In un film sottile RTD, un sottile strato di platino viene depositato su un substrato ceramico. Seguono la ricottura e la stabilizzazione a temperatura molto elevata, e un sottile strato di vetro protettivo che ricopre l'intero elemento. L'area di ritaglio mostrata nella Figura 3(UN) viene utilizzato per regolare la resistenza prodotta su un valore target specificato.

Gli RTD a film sottile si basano su una tecnologia relativamente nuova che riduce significativamente i tempi di assemblaggio e i costi di produzione. Rispetto al tipo a filo avvolto, che esploreremo approfonditamente nel prossimo paragrafo, gli RTD a film sottile sono più resistenti ai danni causati da urti o vibrazioni. Inoltre, gli RTD a film sottile possono ospitare grandi resistenze in un'area relativamente piccola. Per esempio, UN 1.6 mm di 2.6 Il sensore da mm fornisce un'area sufficiente per produrre una resistenza di 1000 OH. A causa delle loro piccole dimensioni, gli RTD a film sottile possono rispondere rapidamente ai cambiamenti di temperatura. Questi dispositivi sono adatti per molte applicazioni generiche. Gli svantaggi di questo tipo sono la stabilità a lungo termine relativamente scarsa e un intervallo di temperature ristretto.

Wirewound RTDs

Costruzione di un RTD a filo avvolto

Costruzione di un RTD a filo avvolto

Figura 4. Panoramica della costruzione di un RTD di base a filo avvolto. Immagine gentilmente concessa da PR Electronics

Questo tipo di RTD è realizzato avvolgendo un pezzo di platino attorno a un nucleo in ceramica o vetro. L'intero elemento è solitamente incapsulato all'interno di un tubo di ceramica o di vetro a scopo protettivo. Gli RTD con nucleo ceramico sono adatti per misurare temperature molto elevate. Gli RTD a filo avvolto sono generalmente più precisi rispetto ai tipi a film sottile.
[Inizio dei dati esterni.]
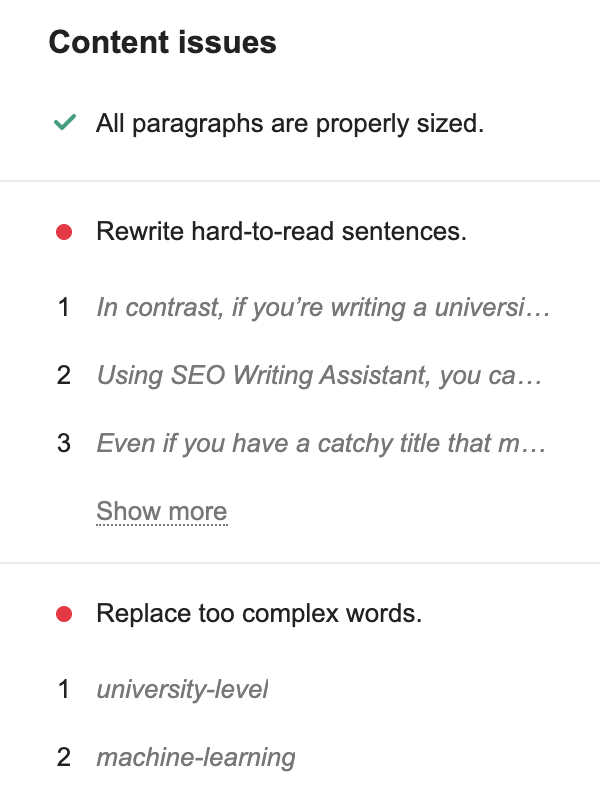 • Finally, the tool will detect if you have any content issues - e.g. long paragraphs, hard-to-read sentences or too complex words.

Tuttavia, sono più costosi e più facilmente danneggiabili dalle vibrazioni.

Per ridurre al minimo qualsiasi tensione sul filo di platino, il coefficiente di dilatazione termica del materiale utilizzato nella costruzione del sensore dovrebbe corrispondere a quello del platino. I coefficienti di espansione termica identici riducono al minimo le variazioni di resistenza causate dallo stress a lungo termine nell'elemento RTD, migliorando così la ripetibilità e la stabilità del sensore.

RST vs. Proprietà della termocoppia

Per concludere questa conversazione sui sensori di temperatura RTD, ecco un breve confronto tra i sensori RTD e termocoppia.

Una termocoppia produce una tensione proporzionale alla differenza di temperatura tra le sue due giunzioni. Le termocoppie sono autoalimentate e non necessitano di eccitazione esterna, mentre le misurazioni della temperatura basate su RTD richiedono una corrente o tensione di eccitazione. L'uscita della termocoppia specifica la differenza di temperatura tra le giunzioni fredde e calde, pertanto nelle applicazioni con termocoppie è necessaria la compensazione della giunzione fredda. D'altra parte, La compensazione della giunzione fredda non è richiesta per le applicazioni RTD, risultando in un sistema di misurazione più semplice.

Le termocoppie vengono generalmente utilizzate in -184 ° C a 2300 intervallo °C, mentre gli RTD possono misurare da -200 ° C a +850 °C. Sebbene gli RTD siano generalmente più precisi delle termocoppie, sono circa due o tre volte più costose delle termocoppie. Un'altra differenza è che gli RTD sono più lineari delle termocoppie e mostrano una stabilità a lungo termine superiore. Con termocoppie, cambiamenti chimici nel materiale del sensore possono ridurre la stabilità a lungo termine e causare deviazioni nella lettura del sensore.